DARA

All right, let's say you could take a skull and break it
The way you'd crack a clock; you'd crush the bone
Between steel palms of inclination, take it,
Observing the wreck of metal and rare stone.

This was a woman : her loves and stratagems
Betrayed in mute geometry of broken
Cogs and disks, inane mechanic whims,
And idle coils of jargon yet unspoken.

Not man nor demigod could put together
The scraps of rusted reverie, the wheels
Of notched tin platitudes concerning weather,
Perfume, politics, and fixed ideals.

The idiot bird leaps up and drunken leans
To chirp the hour in lunatic thirteens.





Key 3. In the next card the Queen of Amber sat upon her silver moonbeam throne, and she wore pale blue and rose, a gown of sparkling silks and velvets, and upon her brow the Crown glittered, a thing of platinum and diamonds, all edges.

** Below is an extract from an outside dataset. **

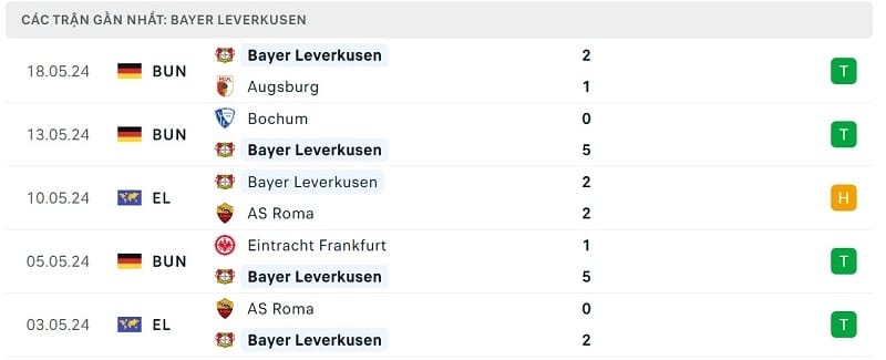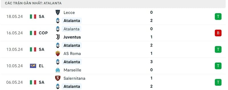 Phong độ gần đây Atalanta vs Bayer Leverkusen

But she herself radiated a strength with its own softness, a strength that was full, supple and fertile. Beneath the princess waist of her gown it seemed that her stomach swelled with life, and her eyes were kind, the warm brown of fresh earth. Her face was slightly freckled, the image of youth, her cheeks red and vital. A pool of silver water stretched out before her throne, and she pointed the toes of her bare feet to test it.

Queen Dara spent the past centuries consolidating her power base, discrediting her rivals and learning all the secrets and powers she could. Despite her many enemies, she is by the far the most powerful woman in the universe and her City, while lacking in liberty, is peaceful, clean and productive. She is expecting her next child, a daughter, within the month.